Type the data below again exactly. Omit all pictures.

(Records from a collection)

# # # #

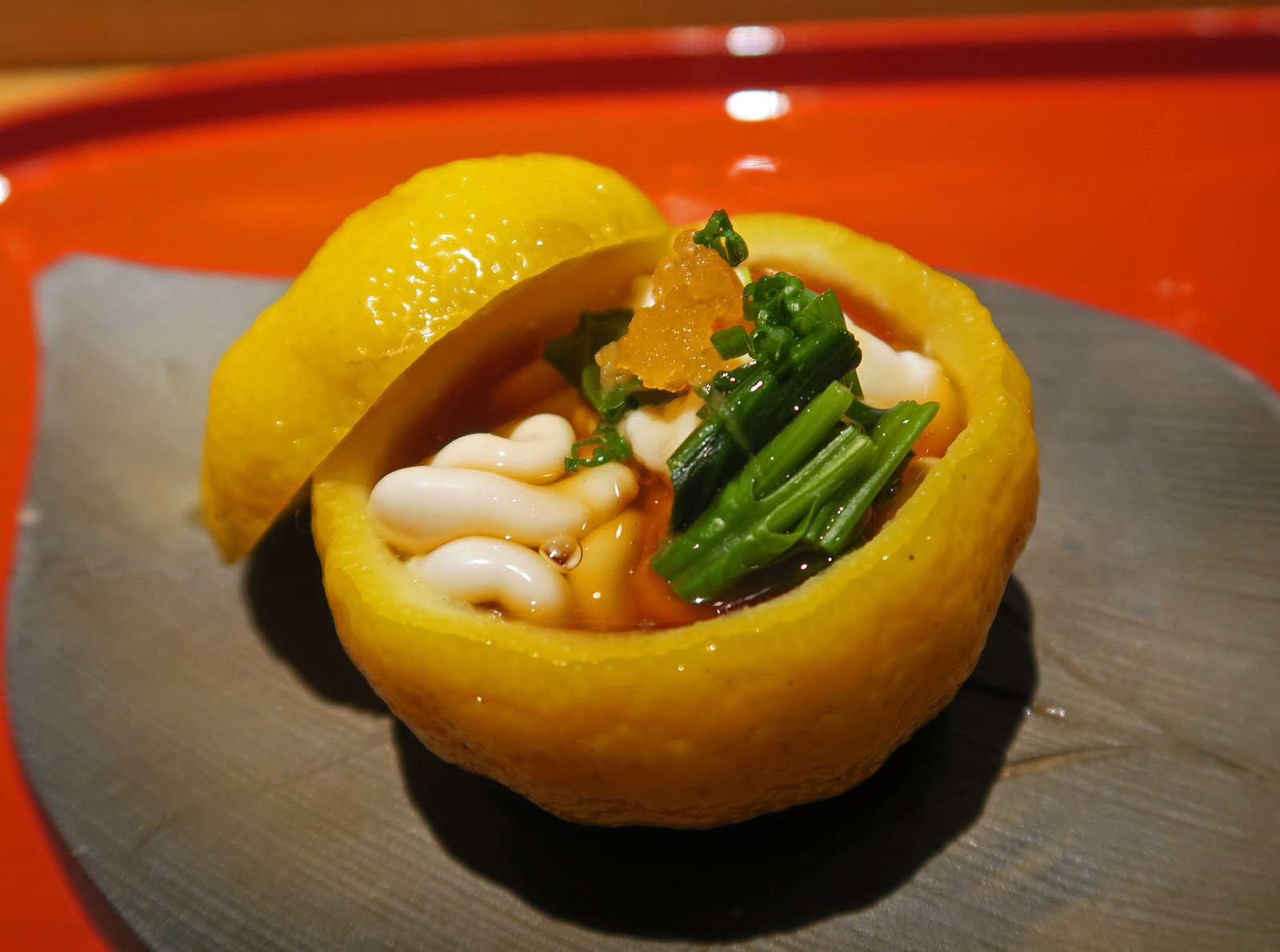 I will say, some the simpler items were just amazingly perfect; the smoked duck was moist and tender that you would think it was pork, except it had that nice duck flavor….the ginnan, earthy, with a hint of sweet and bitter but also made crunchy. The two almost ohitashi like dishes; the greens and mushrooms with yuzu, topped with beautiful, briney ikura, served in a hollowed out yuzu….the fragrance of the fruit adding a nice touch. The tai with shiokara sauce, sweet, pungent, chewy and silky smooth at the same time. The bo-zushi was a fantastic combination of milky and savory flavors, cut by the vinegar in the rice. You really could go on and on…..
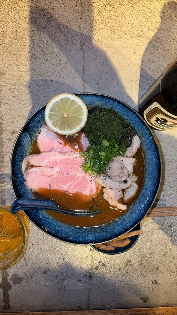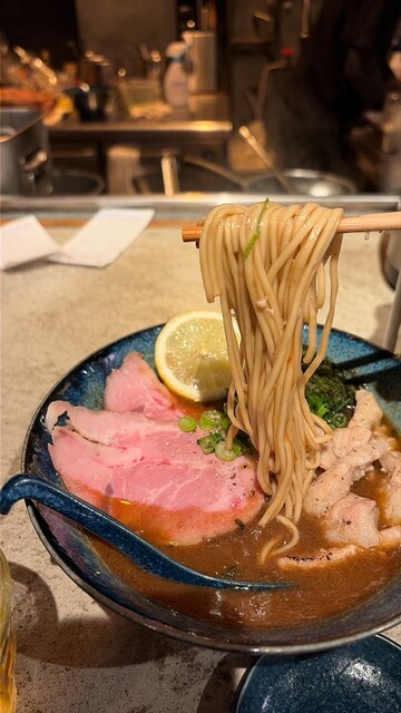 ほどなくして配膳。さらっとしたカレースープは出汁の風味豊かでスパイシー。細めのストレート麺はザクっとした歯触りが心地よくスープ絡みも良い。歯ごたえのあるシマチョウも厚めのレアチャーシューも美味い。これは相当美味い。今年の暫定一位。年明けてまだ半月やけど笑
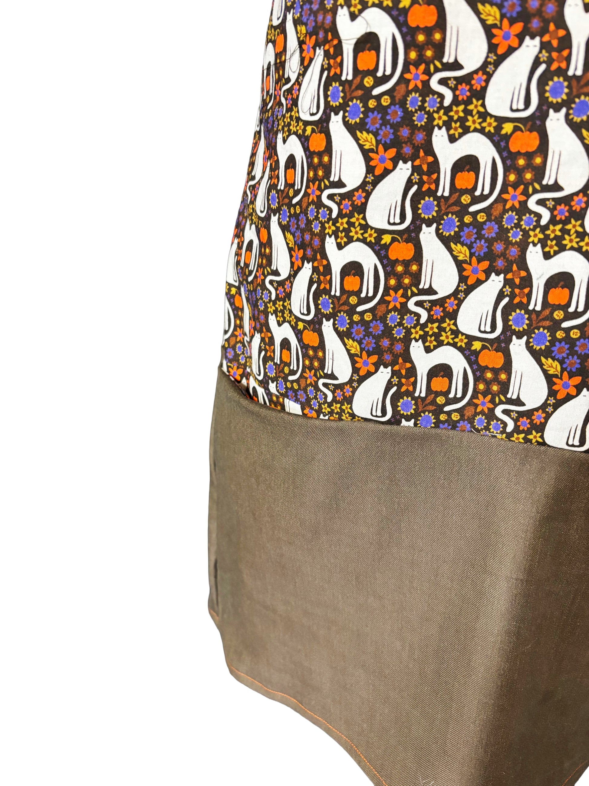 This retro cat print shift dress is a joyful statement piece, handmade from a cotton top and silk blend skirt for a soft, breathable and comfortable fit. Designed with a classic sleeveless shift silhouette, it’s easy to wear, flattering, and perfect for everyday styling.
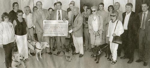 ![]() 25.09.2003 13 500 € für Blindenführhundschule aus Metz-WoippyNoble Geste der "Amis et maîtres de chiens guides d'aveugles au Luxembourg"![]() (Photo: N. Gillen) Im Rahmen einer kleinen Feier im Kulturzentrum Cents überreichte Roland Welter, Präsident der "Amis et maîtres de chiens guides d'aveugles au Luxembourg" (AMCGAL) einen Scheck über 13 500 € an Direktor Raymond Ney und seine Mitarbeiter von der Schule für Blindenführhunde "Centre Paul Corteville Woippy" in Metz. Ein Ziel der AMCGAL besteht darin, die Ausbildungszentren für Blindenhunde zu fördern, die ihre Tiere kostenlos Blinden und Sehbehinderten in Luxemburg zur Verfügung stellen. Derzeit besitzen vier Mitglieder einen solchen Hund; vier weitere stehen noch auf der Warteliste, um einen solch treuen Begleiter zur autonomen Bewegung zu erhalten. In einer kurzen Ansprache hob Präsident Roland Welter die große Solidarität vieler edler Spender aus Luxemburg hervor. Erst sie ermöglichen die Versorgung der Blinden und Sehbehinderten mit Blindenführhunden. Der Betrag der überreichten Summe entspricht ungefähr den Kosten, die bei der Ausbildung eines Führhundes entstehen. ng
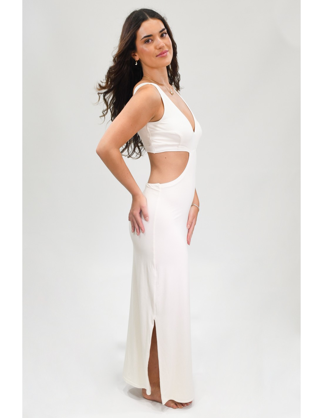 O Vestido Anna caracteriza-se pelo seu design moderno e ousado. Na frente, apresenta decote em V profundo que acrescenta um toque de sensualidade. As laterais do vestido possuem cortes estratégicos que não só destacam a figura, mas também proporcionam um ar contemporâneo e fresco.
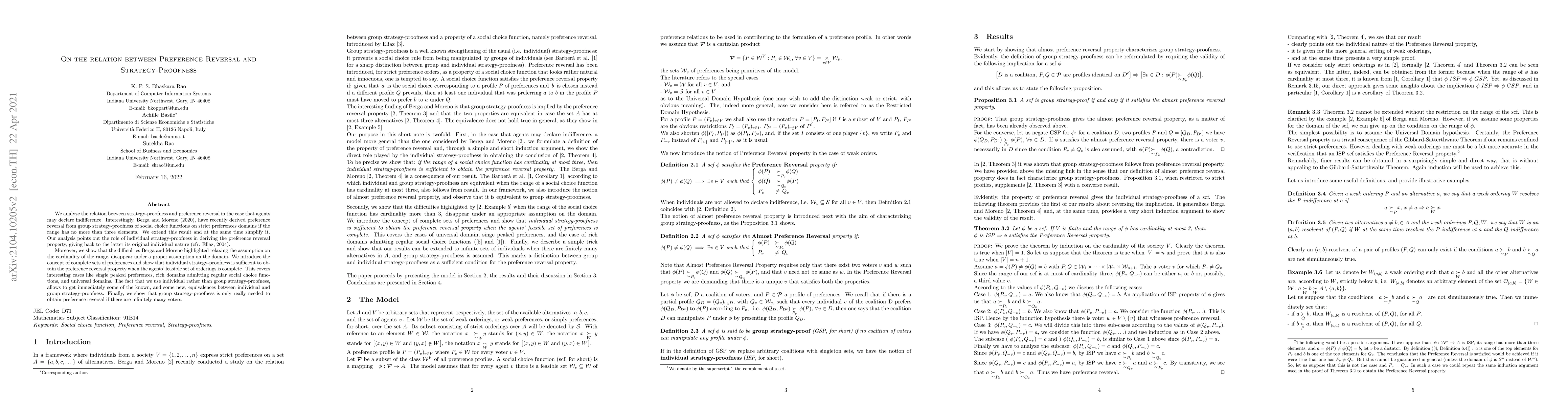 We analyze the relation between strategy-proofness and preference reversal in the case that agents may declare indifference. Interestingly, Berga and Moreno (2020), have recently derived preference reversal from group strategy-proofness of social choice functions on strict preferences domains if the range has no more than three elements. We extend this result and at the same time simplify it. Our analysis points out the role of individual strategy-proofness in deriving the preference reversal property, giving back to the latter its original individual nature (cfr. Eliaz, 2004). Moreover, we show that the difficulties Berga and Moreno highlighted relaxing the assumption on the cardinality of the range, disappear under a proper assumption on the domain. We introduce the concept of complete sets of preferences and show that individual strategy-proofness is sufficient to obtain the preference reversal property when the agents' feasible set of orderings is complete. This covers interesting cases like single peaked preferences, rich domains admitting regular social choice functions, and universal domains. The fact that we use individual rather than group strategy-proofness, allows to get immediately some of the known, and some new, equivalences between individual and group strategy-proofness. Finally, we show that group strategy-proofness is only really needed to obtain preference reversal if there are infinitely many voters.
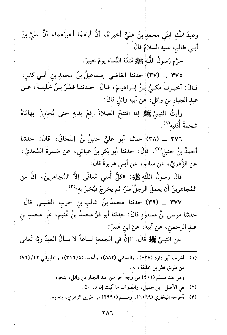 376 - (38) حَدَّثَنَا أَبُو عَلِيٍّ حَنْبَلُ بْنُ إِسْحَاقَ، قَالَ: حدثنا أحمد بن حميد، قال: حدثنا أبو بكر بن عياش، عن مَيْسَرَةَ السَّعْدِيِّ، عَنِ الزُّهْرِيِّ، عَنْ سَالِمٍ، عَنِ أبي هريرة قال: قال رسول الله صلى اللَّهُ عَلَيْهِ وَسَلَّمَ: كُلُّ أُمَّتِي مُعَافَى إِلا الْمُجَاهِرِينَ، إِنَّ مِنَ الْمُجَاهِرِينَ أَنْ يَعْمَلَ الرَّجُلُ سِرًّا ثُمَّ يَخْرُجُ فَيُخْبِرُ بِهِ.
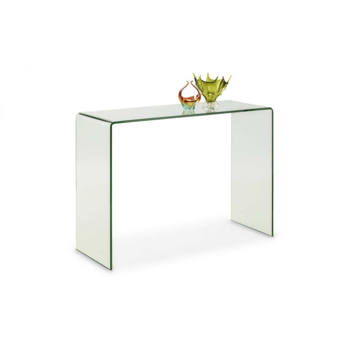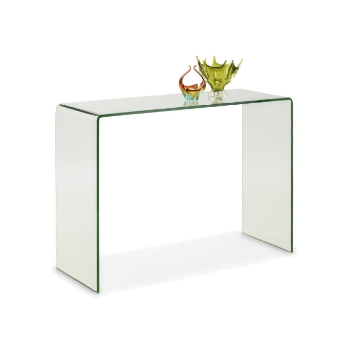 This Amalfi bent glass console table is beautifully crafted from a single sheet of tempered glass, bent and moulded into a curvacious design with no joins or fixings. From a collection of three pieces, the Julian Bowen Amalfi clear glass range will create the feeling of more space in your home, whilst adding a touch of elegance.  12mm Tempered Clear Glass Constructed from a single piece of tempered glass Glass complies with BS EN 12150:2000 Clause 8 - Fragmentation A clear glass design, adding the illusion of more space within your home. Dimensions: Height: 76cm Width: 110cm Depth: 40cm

# # # #

§ ANSWER TO THE PROBLEM:
 I will say, some the simpler items were just amazingly perfect; the smoked duck was moist and tender that you would think it was pork, except it had that nice duck flavor….the ginnan, earthy, with a hint of sweet and bitter but also made crunchy. The two almost ohitashi like dishes; the greens and mushrooms with yuzu, topped with beautiful, briney ikura, served in a hollowed out yuzu….the fragrance of the fruit adding a nice touch. The tai with shiokara sauce, sweet, pungent, chewy and silky smooth at the same time. The bo-zushi was a fantastic combination of milky and savory flavors, cut by the vinegar in the rice. You really could go on and on…..
 ほどなくして配膳。さらっとしたカレースープは出汁の風味豊かでスパイシー。細めのストレート麺はザクっとした歯触りが心地よくスープ絡みも良い。歯ごたえのあるシマチョウも厚めのレアチャーシューも美味い。これは相当美味い。今年の暫定一位。年明けてまだ半月やけど笑
 This retro cat print shift dress is a joyful statement piece, handmade from a cotton top and silk blend skirt for a soft, breathable and comfortable fit. Designed with a classic sleeveless shift silhouette, it’s easy to wear, flattering, and perfect for everyday styling.
 ![]() 25.09.2003 13 500 € für Blindenführhundschule aus Metz-WoippyNoble Geste der "Amis et maîtres de chiens guides d'aveugles au Luxembourg"![]() (Photo: N. Gillen) Im Rahmen einer kleinen Feier im Kulturzentrum Cents überreichte Roland Welter, Präsident der "Amis et maîtres de chiens guides d'aveugles au Luxembourg" (AMCGAL) einen Scheck über 13 500 € an Direktor Raymond Ney und seine Mitarbeiter von der Schule für Blindenführhunde "Centre Paul Corteville Woippy" in Metz. Ein Ziel der AMCGAL besteht darin, die Ausbildungszentren für Blindenhunde zu fördern, die ihre Tiere kostenlos Blinden und Sehbehinderten in Luxemburg zur Verfügung stellen. Derzeit besitzen vier Mitglieder einen solchen Hund; vier weitere stehen noch auf der Warteliste, um einen solch treuen Begleiter zur autonomen Bewegung zu erhalten. In einer kurzen Ansprache hob Präsident Roland Welter die große Solidarität vieler edler Spender aus Luxemburg hervor. Erst sie ermöglichen die Versorgung der Blinden und Sehbehinderten mit Blindenführhunden. Der Betrag der überreichten Summe entspricht ungefähr den Kosten, die bei der Ausbildung eines Führhundes entstehen. ng
 O Vestido Anna caracteriza-se pelo seu design moderno e ousado. Na frente, apresenta decote em V profundo que acrescenta um toque de sensualidade. As laterais do vestido possuem cortes estratégicos que não só destacam a figura, mas também proporcionam um ar contemporâneo e fresco.
 We analyze the relation between strategy-proofness and preference reversal in the case that agents may declare indifference. Interestingly, Berga and Moreno (2020), have recently derived preference reversal from group strategy-proofness of social choice functions on strict preferences domains if the range has no more than three elements. We extend this result and at the same time simplify it. Our analysis points out the role of individual strategy-proofness in deriving the preference reversal property, giving back to the latter its original individual nature (cfr. Eliaz, 2004). Moreover, we show that the difficulties Berga and Moreno highlighted relaxing the assumption on the cardinality of the range, disappear under a proper assumption on the domain. We introduce the concept of complete sets of preferences and show that individual strategy-proofness is sufficient to obtain the preference reversal property when the agents' feasible set of orderings is complete. This covers interesting cases like single peaked preferences, rich domains admitting regular social choice functions, and universal domains. The fact that we use individual rather than group strategy-proofness, allows to get immediately some of the known, and some new, equivalences between individual and group strategy-proofness. Finally, we show that group strategy-proofness is only really needed to obtain preference reversal if there are infinitely many voters.
 376 - (38) حَدَّثَنَا أَبُو عَلِيٍّ حَنْبَلُ بْنُ إِسْحَاقَ، قَالَ: حدثنا أحمد بن حميد، قال: حدثنا أبو بكر بن عياش، عن مَيْسَرَةَ السَّعْدِيِّ، عَنِ الزُّهْرِيِّ، عَنْ سَالِمٍ، عَنِ أبي هريرة قال: قال رسول الله صلى اللَّهُ عَلَيْهِ وَسَلَّمَ: كُلُّ أُمَّتِي مُعَافَى إِلا الْمُجَاهِرِينَ، إِنَّ مِنَ الْمُجَاهِرِينَ أَنْ يَعْمَلَ الرَّجُلُ سِرًّا ثُمَّ يَخْرُجُ فَيُخْبِرُ بِهِ.
 This Amalfi bent glass console table is beautifully crafted from a single sheet of tempered glass, bent and moulded into a curvacious design with no joins or fixings. From a collection of three pieces, the Julian Bowen Amalfi clear glass range will create the feeling of more space in your home, whilst adding a touch of elegance.  12mm Tempered Clear Glass Constructed from a single piece of tempered glass Glass complies with BS EN 12150:2000 Clause 8 - Fragmentation A clear glass design, adding the illusion of more space within your home. Dimensions: Height: 76cm Width: 110cm Depth: 40cm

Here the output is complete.